A zero-order network can reduce the number of seed genes because it retains only genes that are connected to each other
within the underlaying database. This can help simplify your gene list to highlight the biological theme of the database of
interest (i.e. protein-protein interactions, TF-gene interactions etc).
Both the Minimum Network and Steiner Forest Network tools aim to construct a minimally connected network that contains
all of the seed genes. This means that the only added nodes are ones that connect previously disjointed networks of seed genes.
The difference between the minimum network and the Steiner forest network is the way in which the approximate solution is
computed. For the minimum network, NetworkAnalyst implements an approximate approach based on shortest paths: we compute
pair-wise shortest paths between all seed nodes, and remove the nodes that are not on the shortest paths. For the Steiner
forest network, NetworkAnalyst implements a fast heuristic prize-collecting Steiner forest algorithm.
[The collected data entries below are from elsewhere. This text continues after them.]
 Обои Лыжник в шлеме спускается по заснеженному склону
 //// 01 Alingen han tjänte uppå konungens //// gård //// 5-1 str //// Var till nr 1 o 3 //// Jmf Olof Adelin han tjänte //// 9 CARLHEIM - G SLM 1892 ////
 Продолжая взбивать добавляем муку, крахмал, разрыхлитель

The degree and betweenness filters allow you to reduce the size of the network based on its connectivity alone (see later
FAQ sections for explanations of "degree" and "betweenness"). The key takeaway is that the degree filter tends to retain
hub genes (genes with many connections to other genes), and the betweenness filter tends to retain genes that connect
dense clusters of genes.
Yes, there are two main ways to exclude specific nodes from the network. A list of nodes can be uploaded using the Batch
Exclusion tool and the network will be re-computed without these nodes. Alternatively, you can delete nodes manually
using the Delete button at the top of the Node Table. See the Network Visualization FAQ section for
more details on deleting nodes manually.
Protein-protein interactions (PPI) include many types of relationship between proteins, including physical associations as
parts of molecular complexes, information-transfer associations in signaling pathways, and computationally predicted
functional associations based on shared membership in densely connected network modules. A PPI network summarizes these
types of interactions in graphical form.
The IMEx Interactome PPI data come from InnateDB,
a database aimed at facilitating systems-level analysis of the mammalian innate immune system by annotating the
relationships between biological pathways and molecules related to the innate immune system. All interactions are
manually curated from the literature according to the International Molecular Exchange Consortium (IMEx) standards.
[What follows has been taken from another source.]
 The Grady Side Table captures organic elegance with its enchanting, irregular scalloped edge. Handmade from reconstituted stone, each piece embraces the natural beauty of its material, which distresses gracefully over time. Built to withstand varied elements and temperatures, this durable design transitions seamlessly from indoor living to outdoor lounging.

The STRING Interactome integrate PPI interaction data from many sources, including using direct (physical associations
from experimental data) and indirect (functional associations based on computational predictions) evidence, for over 2000
species. The key distinguishing factor of the STRING project is that they assign a confidence score to each interaction,
with interactions with more evidence scoring higher. The "Confidence score cut-off" can be adjusted to restrict addition
of PPIs below the specified value from being added to your network. Checking the "Require experimental evidence" box will
exclude PPIs that are supported by computational predictions only.
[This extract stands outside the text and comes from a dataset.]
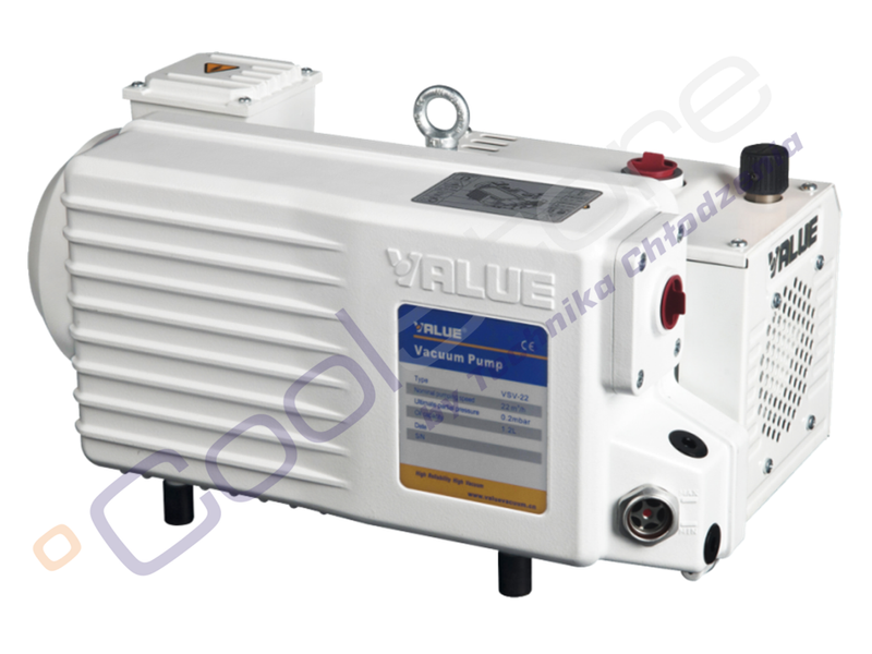 The single-stage Value vacuum pump is designed for generating vacuum in closed systems. The VSV series pumps use a small amount of fresh air (so-called gas ballast) at the end of the vacuuming cycle, which pushes out the impurities drawn during the vacuum generation, thus preventing the risk of oil contamination. Pump inlet is equipped with a non-return valve that prevents air from entering the system after the power is switched off as well as unwanted oil suction. In addition, the pumps are equipped with an oil mist filter, thanks to which pollutants escaping during pump operation are reduced to a minimum. The devices have been designed so that the lubrication system is in the closed mode and the deposited oil in the oil mist filter flows to the device by gravity.

The data were downloaded from the STRING database (version 10).
The Rolland Interactome PPI data are a collection of human binary PPIs from the literature in 7 public databases.
Binary PPIs refer to direct physical interactions between proteins. To produce the Rolland Interactome, 33 000 binary
human PPIs were collected from the literature. Of these, the 11 045 with multiple supporting studies were retained.
Using tissue-specific PPI networks gives the option of focusing on tissue-specific processes and phenotypes. The tissue-specific PPI
data is from DifferentialNet and was produced by integrating experimental binary PPI data with RNA-sequencing profiles
from different tissues, collected by the Genotype-Tissue Expression consortium. Each PPI was given a score for each tissue
that indicates whether the corresponding genes were similarly expressed across many tissues, or significantly dysregulated
only in the tissue of interest.
The filter can be adjusted to change how unique the PPI should be to the tissue of interest. A lower score will filter out more
PPIs, so the resulting PPIs will be highly unique to the selected tissue. See the latest
DifferentialNet publication
for more details on the scoring metric.
The Gene-miRNA Interactions rely on the TarBase database, which is a collection of experimentally supported
miRNA targets. This means that miRNAs are returned that interact with the uploaded seed genes. The
TF-gene Interactions have three different database options (see next FAQ for more details), all of which return
genes that function as transcription factors for the uploaded genes of interest. Finally, the
TF-miRNA Coregulatory Network draws from the RegNetwork, which contains TF-TF, TF-gene, TF-miRNA,
miRNA-TF, miRNA-gene binding interactions for human and mouse.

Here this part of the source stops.